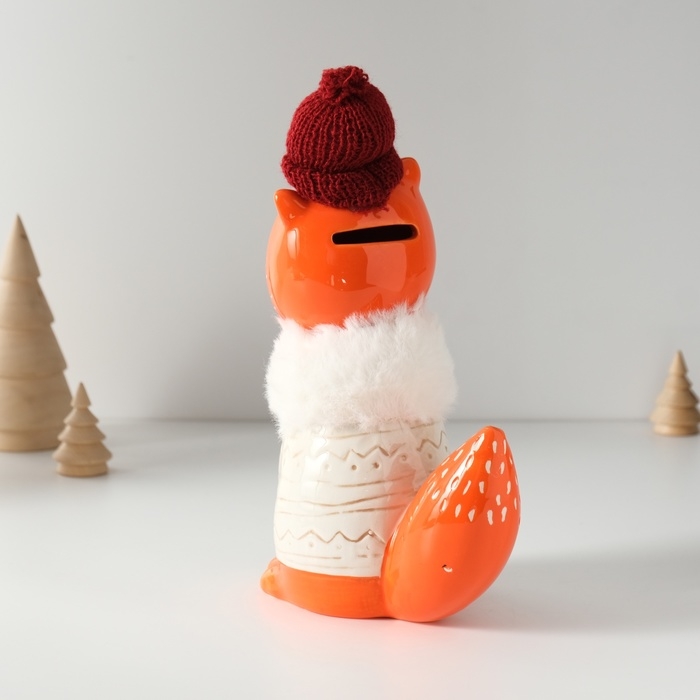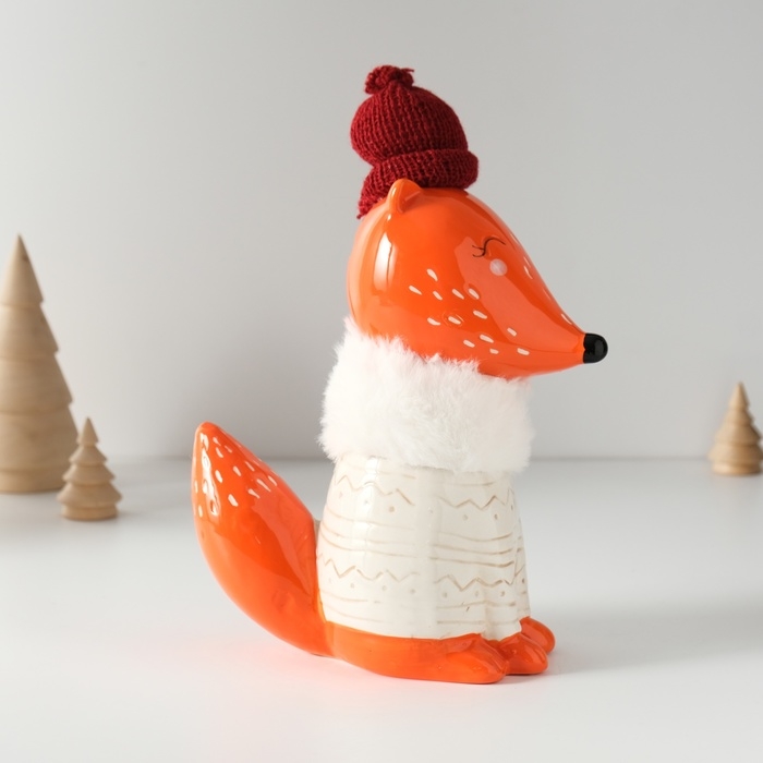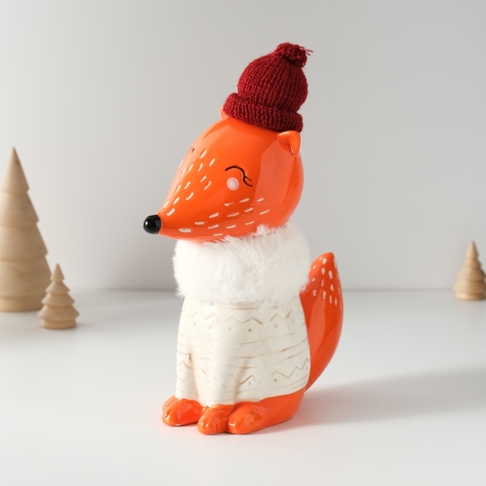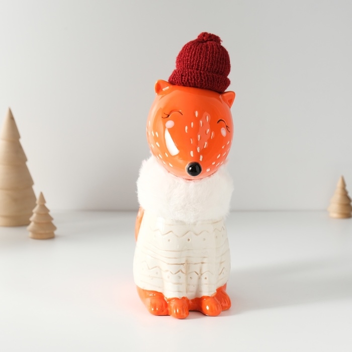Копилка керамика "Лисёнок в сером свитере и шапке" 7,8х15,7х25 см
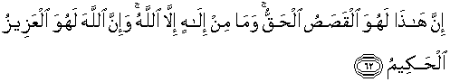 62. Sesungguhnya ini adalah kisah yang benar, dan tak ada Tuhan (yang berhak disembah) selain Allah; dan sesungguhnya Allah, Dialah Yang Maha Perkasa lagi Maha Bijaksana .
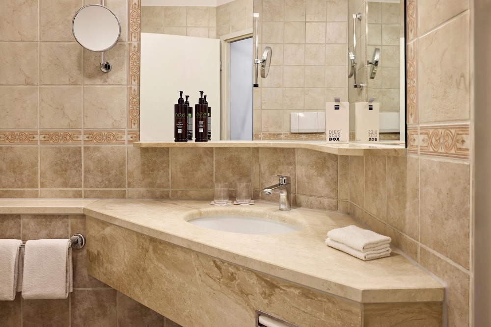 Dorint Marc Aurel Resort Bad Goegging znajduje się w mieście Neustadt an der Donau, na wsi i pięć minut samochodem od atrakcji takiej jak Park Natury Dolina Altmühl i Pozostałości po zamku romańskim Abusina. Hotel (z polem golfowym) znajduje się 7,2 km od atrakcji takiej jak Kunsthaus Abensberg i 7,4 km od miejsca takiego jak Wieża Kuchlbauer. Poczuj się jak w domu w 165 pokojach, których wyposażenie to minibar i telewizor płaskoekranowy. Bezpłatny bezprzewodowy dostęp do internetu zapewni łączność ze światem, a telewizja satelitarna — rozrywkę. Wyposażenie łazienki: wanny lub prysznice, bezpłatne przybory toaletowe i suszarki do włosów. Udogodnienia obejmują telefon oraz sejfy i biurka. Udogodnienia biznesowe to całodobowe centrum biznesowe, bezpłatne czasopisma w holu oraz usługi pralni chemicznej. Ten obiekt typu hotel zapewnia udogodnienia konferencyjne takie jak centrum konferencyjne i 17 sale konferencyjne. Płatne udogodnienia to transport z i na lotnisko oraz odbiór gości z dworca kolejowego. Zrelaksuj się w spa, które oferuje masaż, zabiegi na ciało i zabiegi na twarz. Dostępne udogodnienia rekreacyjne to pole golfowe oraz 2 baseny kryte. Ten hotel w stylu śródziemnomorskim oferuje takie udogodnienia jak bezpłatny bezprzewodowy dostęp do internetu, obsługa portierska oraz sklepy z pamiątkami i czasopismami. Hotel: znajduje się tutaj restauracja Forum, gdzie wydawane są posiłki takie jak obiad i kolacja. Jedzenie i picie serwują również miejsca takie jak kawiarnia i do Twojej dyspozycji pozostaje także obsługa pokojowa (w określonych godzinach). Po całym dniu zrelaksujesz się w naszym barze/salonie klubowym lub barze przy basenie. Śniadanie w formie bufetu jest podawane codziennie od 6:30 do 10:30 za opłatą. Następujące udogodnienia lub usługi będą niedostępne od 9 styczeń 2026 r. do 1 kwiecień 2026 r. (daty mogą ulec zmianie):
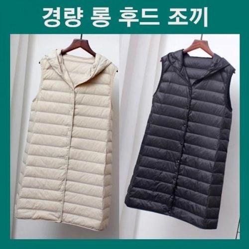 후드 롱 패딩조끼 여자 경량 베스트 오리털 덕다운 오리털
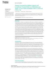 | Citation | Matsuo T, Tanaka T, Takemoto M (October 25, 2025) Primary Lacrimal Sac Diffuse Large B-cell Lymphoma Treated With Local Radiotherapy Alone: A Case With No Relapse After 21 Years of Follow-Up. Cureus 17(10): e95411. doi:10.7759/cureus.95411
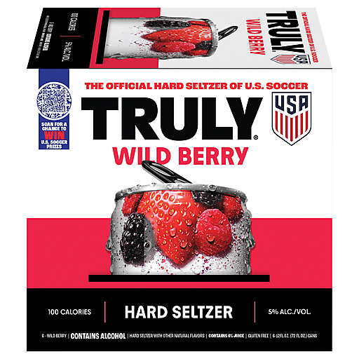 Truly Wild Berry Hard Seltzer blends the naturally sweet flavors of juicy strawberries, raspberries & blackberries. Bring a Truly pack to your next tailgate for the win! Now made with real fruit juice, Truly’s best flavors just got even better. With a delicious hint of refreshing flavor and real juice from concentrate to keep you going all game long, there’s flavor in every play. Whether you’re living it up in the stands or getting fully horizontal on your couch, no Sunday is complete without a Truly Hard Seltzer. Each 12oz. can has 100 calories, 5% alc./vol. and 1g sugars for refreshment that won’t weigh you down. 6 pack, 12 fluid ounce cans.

★ ★ ★ ★ ★

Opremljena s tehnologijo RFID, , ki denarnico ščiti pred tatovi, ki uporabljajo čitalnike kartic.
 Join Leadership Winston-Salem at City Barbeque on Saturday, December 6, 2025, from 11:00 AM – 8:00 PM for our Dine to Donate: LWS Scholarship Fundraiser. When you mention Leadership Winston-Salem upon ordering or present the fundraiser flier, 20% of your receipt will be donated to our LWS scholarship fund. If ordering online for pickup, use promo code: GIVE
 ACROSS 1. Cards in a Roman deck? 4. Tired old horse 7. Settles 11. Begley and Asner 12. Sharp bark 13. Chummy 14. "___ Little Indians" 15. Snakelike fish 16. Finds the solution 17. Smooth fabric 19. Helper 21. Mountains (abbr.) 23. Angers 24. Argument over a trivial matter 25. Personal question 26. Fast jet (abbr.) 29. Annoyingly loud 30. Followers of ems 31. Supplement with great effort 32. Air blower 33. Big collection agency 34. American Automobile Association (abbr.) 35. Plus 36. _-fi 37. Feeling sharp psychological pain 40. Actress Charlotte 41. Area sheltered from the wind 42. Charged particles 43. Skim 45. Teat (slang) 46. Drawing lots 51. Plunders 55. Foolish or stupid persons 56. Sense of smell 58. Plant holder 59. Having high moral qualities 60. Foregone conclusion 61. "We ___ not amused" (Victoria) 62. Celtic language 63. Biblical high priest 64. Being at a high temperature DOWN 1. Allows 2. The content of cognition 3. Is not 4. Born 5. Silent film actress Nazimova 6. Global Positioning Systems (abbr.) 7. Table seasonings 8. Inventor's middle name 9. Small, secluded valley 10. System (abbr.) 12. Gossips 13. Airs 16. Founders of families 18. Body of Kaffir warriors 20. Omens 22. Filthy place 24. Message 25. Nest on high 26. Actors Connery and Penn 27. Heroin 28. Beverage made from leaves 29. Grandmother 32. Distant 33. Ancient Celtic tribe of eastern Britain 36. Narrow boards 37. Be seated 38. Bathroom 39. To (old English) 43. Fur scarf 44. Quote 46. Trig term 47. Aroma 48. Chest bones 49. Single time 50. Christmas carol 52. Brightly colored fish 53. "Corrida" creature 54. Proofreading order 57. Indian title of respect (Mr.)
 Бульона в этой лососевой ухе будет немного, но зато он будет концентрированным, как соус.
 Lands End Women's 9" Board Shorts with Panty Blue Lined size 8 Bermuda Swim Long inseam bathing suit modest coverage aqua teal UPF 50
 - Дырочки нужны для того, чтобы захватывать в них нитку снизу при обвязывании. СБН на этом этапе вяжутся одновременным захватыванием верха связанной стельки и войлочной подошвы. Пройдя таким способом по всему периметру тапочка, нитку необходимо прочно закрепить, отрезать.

★ ★ ★ ★ ★

§ **To do**: Would you copy the lines above exactly, starting with the one that has "후드 롱 패딩조끼 여자 경량 베스트 오리털 덕다운 오리털" and ending with the one that has "17(10): e95411. doi:10.7759/cureus.95411", both included, without the pictures?

§ **Written response**:
 후드 롱 패딩조끼 여자 경량 베스트 오리털 덕다운 오리털
 | Citation | Matsuo T, Tanaka T, Takemoto M (October 25, 2025) Primary Lacrimal Sac Diffuse Large B-cell Lymphoma Treated With Local Radiotherapy Alone: A Case With No Relapse After 21 Years of Follow-Up. Cureus 17(10): e95411. doi:10.7759/cureus.95411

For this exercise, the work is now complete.